Air Force launches could feel pinch

The impact on the U.S. Air Force would be even more significant than on NASA. In December, the service signed a no-bid deal to purchase 36 Atlas 5 and Delta 4 rocket cores from ULA over the next five years. Seven or eight additional launches would be open to new competitors such as SpaceX.

SpaceX recently filed suit to overturn the award, discussing the sanctions against Rogozin at length in the complaint. A federal judge issued a preliminary injunction prohibiting ULA from purchasing additional RD-180 engines unless the government provided assurances that the purchases didn’t violate the sanctions against Rogozin.

The judge lifted the injunction after the government provided those assurances. However, Rogozin’s announcement yesterday rendered the decision moot.

ULA issued a statement yesterday saying it was unaware of any restrictions on the export of the engines.

“We are hopeful that our two nations will engage in productive conversations over the coming months that will resolve the matter quickly,” the company wrote in the statement. “ULA and our Department of Defense customers have always prepared contingency plans in the event of a supply disruption. ULA has two launch vehicles that can support all of customers’ needs. We also maintain a two-year inventory of engines to enable a smooth transition to our other rocket, Delta, which has all U.S.-produced rocket engines.”

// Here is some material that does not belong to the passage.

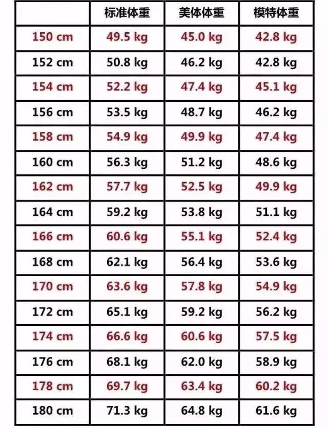 女子标准体重对照表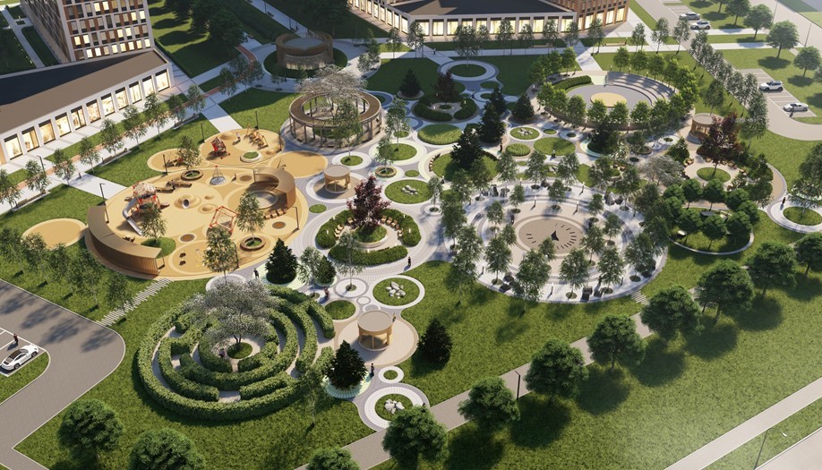 Как рассказал "ДП" руководитель бюро "А. Лен" Сергей Орешкин, через весь жилой комплекс пройдёт круговой пешеходный маршрут с необычным мощением, озеленением и велодорожкой — "Аллея звёзд". Он почти не будет пересекаться с уличной сетью. Вдоль этой аллеи сосредоточится социальная инфраструктура, кроме того, здесь появятся несколько общественных пространств, будет организовано четыре площади: с амфитеатром, для активных видов спорта, для ярмарок, а также главная — с фонтаном.

ULA also blamed SpaceX for pushing the issue over the brink.

“If recent news reports are accurate, it affirms that SpaceX’s irresponsible actions have created unnecessary distractions, threatened U.S. military satellite operations, and undermined our future relationship with the International Space Station.”

ULA’s options for replacing the RD-180 engine are neither cheap nor fast. United Technologies has the right to produce RD-180 engines in the United States under license. However, officials have said such an effort could cost $1 billion and take five years, thus idling the Atlas V rocket for several years.